• _Task instructions_
Which of the lines below mention the word "private"? Pull each one out.

[[ Data excerpts, beginning ]]

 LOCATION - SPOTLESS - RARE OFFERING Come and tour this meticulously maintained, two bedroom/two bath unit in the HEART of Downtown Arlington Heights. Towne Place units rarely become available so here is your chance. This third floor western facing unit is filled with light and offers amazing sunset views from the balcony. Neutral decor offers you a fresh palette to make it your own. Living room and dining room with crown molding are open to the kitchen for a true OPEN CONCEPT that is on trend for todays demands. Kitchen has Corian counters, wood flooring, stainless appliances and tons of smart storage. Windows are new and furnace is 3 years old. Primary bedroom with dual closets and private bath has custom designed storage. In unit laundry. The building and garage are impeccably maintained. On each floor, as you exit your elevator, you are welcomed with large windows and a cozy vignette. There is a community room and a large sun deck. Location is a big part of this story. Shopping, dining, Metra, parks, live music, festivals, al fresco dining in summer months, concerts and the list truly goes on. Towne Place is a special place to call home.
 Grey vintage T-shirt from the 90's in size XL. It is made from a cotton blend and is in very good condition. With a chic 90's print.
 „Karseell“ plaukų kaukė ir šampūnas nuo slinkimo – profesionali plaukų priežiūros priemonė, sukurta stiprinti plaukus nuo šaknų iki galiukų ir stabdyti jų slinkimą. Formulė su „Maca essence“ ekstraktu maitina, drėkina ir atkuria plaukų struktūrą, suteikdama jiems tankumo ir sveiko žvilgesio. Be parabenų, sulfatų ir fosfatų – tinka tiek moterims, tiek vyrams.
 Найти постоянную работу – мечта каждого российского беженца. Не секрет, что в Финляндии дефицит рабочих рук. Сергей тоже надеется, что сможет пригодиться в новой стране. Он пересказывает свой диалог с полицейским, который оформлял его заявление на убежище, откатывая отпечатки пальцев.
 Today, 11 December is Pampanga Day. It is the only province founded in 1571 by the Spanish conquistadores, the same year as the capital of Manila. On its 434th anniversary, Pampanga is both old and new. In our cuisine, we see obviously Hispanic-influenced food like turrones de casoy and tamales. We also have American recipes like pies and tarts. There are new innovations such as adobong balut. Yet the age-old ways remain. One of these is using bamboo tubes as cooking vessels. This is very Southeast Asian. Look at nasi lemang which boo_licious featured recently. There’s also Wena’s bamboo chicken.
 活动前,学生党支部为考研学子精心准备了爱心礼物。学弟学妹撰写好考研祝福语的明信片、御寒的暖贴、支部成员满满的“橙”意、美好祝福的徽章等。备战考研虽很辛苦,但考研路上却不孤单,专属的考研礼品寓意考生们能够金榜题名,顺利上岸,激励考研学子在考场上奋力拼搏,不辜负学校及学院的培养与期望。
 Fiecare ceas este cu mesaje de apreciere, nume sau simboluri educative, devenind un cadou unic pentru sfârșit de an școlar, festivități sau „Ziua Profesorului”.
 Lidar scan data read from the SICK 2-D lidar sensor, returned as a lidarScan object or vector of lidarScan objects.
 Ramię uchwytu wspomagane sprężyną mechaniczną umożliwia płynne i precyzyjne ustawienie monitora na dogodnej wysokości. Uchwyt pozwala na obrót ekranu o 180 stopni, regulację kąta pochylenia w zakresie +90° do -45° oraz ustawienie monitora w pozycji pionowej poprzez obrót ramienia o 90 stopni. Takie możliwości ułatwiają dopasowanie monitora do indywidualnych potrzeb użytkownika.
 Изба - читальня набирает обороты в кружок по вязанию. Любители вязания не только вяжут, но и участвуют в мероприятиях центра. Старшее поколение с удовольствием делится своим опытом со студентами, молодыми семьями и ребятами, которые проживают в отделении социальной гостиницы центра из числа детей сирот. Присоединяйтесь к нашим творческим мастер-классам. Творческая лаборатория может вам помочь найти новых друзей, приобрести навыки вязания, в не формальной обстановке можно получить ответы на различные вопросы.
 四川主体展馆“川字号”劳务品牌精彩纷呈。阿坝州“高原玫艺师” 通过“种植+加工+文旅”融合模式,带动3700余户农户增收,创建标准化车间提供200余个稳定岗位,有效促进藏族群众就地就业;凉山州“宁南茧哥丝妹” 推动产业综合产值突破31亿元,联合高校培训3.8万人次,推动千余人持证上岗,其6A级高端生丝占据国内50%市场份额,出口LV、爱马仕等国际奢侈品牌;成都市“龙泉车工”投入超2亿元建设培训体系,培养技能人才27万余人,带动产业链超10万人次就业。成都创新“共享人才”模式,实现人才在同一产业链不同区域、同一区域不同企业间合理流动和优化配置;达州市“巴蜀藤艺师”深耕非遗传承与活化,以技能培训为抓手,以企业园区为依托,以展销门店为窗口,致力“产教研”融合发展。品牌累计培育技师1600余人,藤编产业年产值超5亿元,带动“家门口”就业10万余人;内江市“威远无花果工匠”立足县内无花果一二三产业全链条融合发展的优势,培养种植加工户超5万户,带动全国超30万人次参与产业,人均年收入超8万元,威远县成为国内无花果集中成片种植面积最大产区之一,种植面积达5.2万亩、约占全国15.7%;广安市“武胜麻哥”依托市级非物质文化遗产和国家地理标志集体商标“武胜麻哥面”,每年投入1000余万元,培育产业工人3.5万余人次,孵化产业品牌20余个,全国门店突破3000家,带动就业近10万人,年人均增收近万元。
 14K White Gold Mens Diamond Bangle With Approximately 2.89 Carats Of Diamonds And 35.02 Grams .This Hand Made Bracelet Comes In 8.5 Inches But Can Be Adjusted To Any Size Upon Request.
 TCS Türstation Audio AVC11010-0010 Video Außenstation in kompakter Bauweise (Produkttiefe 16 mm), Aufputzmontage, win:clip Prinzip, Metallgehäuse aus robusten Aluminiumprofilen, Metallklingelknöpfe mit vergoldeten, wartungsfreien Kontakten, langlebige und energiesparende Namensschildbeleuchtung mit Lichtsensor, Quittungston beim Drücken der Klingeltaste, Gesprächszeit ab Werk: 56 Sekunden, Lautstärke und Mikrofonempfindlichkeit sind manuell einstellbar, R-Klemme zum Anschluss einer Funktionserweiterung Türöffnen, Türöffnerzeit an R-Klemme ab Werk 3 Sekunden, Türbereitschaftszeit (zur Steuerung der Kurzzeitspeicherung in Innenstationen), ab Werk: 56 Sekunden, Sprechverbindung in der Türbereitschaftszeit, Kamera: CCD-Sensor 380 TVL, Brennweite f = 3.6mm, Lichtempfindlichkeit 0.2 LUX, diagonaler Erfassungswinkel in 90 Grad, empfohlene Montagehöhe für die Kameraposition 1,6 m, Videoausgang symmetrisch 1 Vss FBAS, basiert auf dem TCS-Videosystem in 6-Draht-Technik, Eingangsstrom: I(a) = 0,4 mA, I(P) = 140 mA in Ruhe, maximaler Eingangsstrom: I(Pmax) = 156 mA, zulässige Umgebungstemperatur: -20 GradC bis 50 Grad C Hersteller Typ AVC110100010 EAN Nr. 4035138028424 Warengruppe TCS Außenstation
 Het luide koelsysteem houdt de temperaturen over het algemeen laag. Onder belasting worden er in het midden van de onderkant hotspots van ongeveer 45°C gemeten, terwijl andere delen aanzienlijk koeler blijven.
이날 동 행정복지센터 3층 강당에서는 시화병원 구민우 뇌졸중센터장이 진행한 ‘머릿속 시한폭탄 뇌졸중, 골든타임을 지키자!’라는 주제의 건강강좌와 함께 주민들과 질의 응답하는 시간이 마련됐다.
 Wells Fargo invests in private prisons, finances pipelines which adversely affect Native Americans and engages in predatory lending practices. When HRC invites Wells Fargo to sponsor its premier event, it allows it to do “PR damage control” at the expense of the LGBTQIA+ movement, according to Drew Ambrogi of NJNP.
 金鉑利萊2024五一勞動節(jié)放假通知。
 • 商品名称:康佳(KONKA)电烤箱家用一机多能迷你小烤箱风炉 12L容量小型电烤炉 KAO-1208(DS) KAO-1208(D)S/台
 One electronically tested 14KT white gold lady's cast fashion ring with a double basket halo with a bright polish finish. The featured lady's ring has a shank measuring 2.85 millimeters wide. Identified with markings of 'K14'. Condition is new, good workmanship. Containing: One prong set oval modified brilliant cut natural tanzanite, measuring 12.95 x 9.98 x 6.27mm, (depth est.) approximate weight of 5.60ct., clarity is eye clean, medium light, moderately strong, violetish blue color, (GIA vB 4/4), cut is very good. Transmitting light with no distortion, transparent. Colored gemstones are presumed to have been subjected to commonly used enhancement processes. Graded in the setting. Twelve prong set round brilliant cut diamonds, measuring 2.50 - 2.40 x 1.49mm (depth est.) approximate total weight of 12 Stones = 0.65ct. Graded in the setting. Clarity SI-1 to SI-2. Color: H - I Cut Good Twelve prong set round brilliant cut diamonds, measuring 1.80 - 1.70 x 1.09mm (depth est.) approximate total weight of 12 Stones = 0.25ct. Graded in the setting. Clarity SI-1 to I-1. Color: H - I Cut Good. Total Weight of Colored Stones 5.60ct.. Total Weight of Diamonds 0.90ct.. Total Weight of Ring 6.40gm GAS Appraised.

[[ Data excerpts, end ]]

• _Reply to the task_
 LOCATION - SPOTLESS - RARE OFFERING Come and tour this meticulously maintained, two bedroom/two bath unit in the HEART of Downtown Arlington Heights. Towne Place units rarely become available so here is your chance. This third floor western facing unit is filled with light and offers amazing sunset views from the balcony. Neutral decor offers you a fresh palette to make it your own. Living room and dining room with crown molding are open to the kitchen for a true OPEN CONCEPT that is on trend for todays demands. Kitchen has Corian counters, wood flooring, stainless appliances and tons of smart storage. Windows are new and furnace is 3 years old. Primary bedroom with dual closets and private bath has custom designed storage. In unit laundry. The building and garage are impeccably maintained. On each floor, as you exit your elevator, you are welcomed with large windows and a cozy vignette. There is a community room and a large sun deck. Location is a big part of this story. Shopping, dining, Metra, parks, live music, festivals, al fresco dining in summer months, concerts and the list truly goes on. Towne Place is a special place to call home.
 Wells Fargo invests in private prisons, finances pipelines which adversely affect Native Americans and engages in predatory lending practices. When HRC invites Wells Fargo to sponsor its premier event, it allows it to do “PR damage control” at the expense of the LGBTQIA+ movement, according to Drew Ambrogi of NJNP.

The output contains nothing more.